De Vito, Alyssa N; Calamia, Matthew; Weitzner, Daniel S; Bernstein, John P K.
Affiliation
  • De Vito AN; Department of Psychology, Louisiana State University, Baton Rouge, Louisiana.
  • Calamia M; Department of Psychology, Louisiana State University, Baton Rouge, Louisiana.
  • Weitzner DS; Department of Psychology, Louisiana State University, Baton Rouge, Louisiana.
  • Bernstein JPK; Department of Psychology, Louisiana State University, Baton Rouge, Louisiana.
Int J Geriatr Psychiatry ; 33(12): 1627-1634, 2018 12.
Article in En | MEDLINE | ID: mdl-30276884
ABSTRACT

OBJECTIVE:

The aim of this study was to examine neuropsychiatric symptom (NPS) factor severity progression over time in empirically derived (ED) mild cognitive impairment (MCI) subtypes.

METHODS:

Participants in the Alzheimer's Disease Neuroimaging Initiative study diagnosed with MCI by Alzheimer's Disease Neuroimaging Initiative protocol using conventional clinical (CC) criteria (n = 788) were reclassified using cluster analysis as amnestic, dysnomic, dysexecutive MCI, or cluster-derived normal (CC-Normal) using empirical criteria.

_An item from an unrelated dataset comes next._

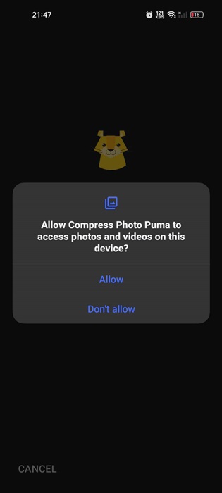 3. Die App fordert Sie auf, Zugriff auf die Fotos und Videos Ihres Geräts zu gewähren. Gewährendie Erlaubnis.

Cognitively normal (CN) participants (n = 207) were also identified. The Neuropsychiatric Inventory-Questionnaire (NPI-Q) was administered from baseline through 48-month follow-up. Exploratory factor analysis was completed to determine the NPI-Q factor structure at 6-month follow-up. Multilevel modeling was used to determine NPI-Q symptom severity factor and apathy symptom progression over time by cognitive subtype.

RESULTS:

The exploratory factor analysis revealed that the NPI-Q consisted of 2 factors hyperactivity/agitation and mood symptoms. Using clinical and empirical criteria, all MCI groups were identified as having more severe hyperactivity/agitation symptoms than CN participants. However, only the amnestic MCI group identified using empirical criteria showed an increase in symptom severity over time relative to CN participants. Mood factor and apathy symptoms were found to be more severe in dysexecutive and amnestic groups in both models. Similarly, both models identified a significant worsening of mood and apathy symptoms over time for dysexecutive and amnestic groups relative to CN participants.

CONCLUSIONS:

This study provides further support that empirical criteria aid in examining the progression of clinical characteristics associated with MCI. Further, it helps to identify which MCI subtypes may be at higher risk for NPS progression.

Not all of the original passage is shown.